The Fertility Forum will take place at the Royal College of Obstetricians and Gynaecologists (RCOG) in London, and many of the UK’s leading fertility specialists will be speaking at the day, and there will be three strands of talks covering a huge range of topics related to fertility. You will be able to choose which talks you attend when you get your tickets. There is a charge for the tickets (£25) to cover the cost of putting on the day, but there are no additional charges.

The day has been organised by the Royal College of Obstetricians and Gynaecologists (RCOG) and the British Fertility Society working in partnership with the Human Fertilisation and Embryology Authority (HFEA) and Fertility Network UK alongside the Association of British Andrologists, British Andrology Society, Association of Clinical Embryologists, British Infertility Counselling Association, Royal College of Nursing and the Senior Infertility Nurses Group. The Donor Conception Network will be taking part in the event along with other patient groups including the Miscarriage Association. You can find out more about the day, including the full programme of speakers, here 

EndoMarch 2019

For the sixth year running, women around the world will be taking part in a peaceful march to raise awareness for those who have endometriosis. The London leg of the EndoMarch will take place on Saturday 23 March with the hope of publicising the need for faster diagnosis, greater education and more funds for research into better treatments and an eventual cure.

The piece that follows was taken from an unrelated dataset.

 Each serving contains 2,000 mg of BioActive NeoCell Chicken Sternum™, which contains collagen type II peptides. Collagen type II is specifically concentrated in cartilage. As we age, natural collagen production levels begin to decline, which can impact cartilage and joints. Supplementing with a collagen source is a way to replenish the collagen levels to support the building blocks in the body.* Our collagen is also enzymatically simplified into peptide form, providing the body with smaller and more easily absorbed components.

The walk is about 2.2km through Central London and is a chance for people who have endometriosis and others who are supporting someone with endometriosis, or who are interested, to make their voices heard. It is free to join but the organisers ask people who want to go along to register so they have an idea of how many people will be joining them on the day. You can register here https://www.eventbrite.co.uk/e/worldwide-endomarch-london-uk-2019-tickets-53917781536?aff=ebdshpsearchautocomplete

You can follow the organisers on Facebook at Worldwide EndoMarch London UK, Twitter at @EndomarchLondon and Instagram at endomarchlondon

Fertility in the workplace

Patient support charity Fertility Network UK have launched a new initiative this week called Fertility in the Workplace to try to raise awareness of how difficult it can be for people going through treatment to deal with work.

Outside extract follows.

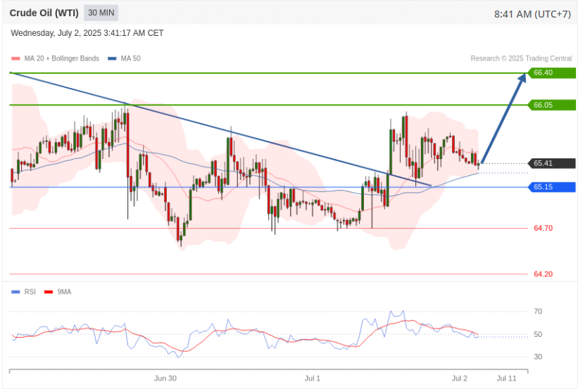ការវិភាគបច្ចេកទេសតម្លៃប្រេងឆៅ (WTI) អាចកើនឡើងចន្លោះពី​ 65.15- 66.40

FNUK chief executive Aileen Feeney said: ‘Fertility treatment is on the increase with approaching 68,000 treatment cycles carried out every year in the UK and 1 in 6 couples (3.5 million people) affected, yet the majority of employers do not have a workplace policy providing the vital support employees going through fertility treatment need. Research shows having a supportive fertility in the workplace policy is good for business and employees – levels of distress associated with fertility treatment are reduced and employees are more likely to be productive and remain in work – that’s why Fertility Network is launching Fertility in the Workplace – an initiative designed to help employers support employees facing fertility challenges.‘Careers need not be damaged or jobs lost if there is an appropriate fertility in the workplace policy identifying the specific support available for couples or individuals having IVF. Introducing Fertility Network’s Fertility in the Workplace initiative ensures employees are treated fairly and empathetically and feel fully supported. The initiative provides a framework for employers to implement a fertility in the workplace policy and, crucially, provides guidance for both employees and for employers, who may have limited understanding of the impact of infertility and what fertility treatment is really like.’

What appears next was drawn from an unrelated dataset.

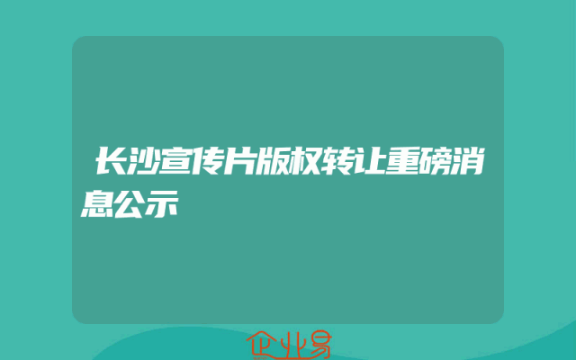 - 长沙宣传片版权转让重磅消息公示

Fertility Network’s research highlights just 26 per cent of people having IVF reported their workplace had some policy relating to treatment (58 per cent said their employer did not, and 19 per cent were not sure). The lack of a fertility workplace policy was associated with even higher levels of distress.

‘Companies are failing already distressed employees if they do not provide a supportive fertility in the workplace policy,’ said Ms Feeney. ‘Fertility Network’s survey underlines just how much the lack of workplace support affects people undergoing IVF. 50 per cent of respondents worried treatment would affect their career prospects; 35 per cent felt their career was damaged.’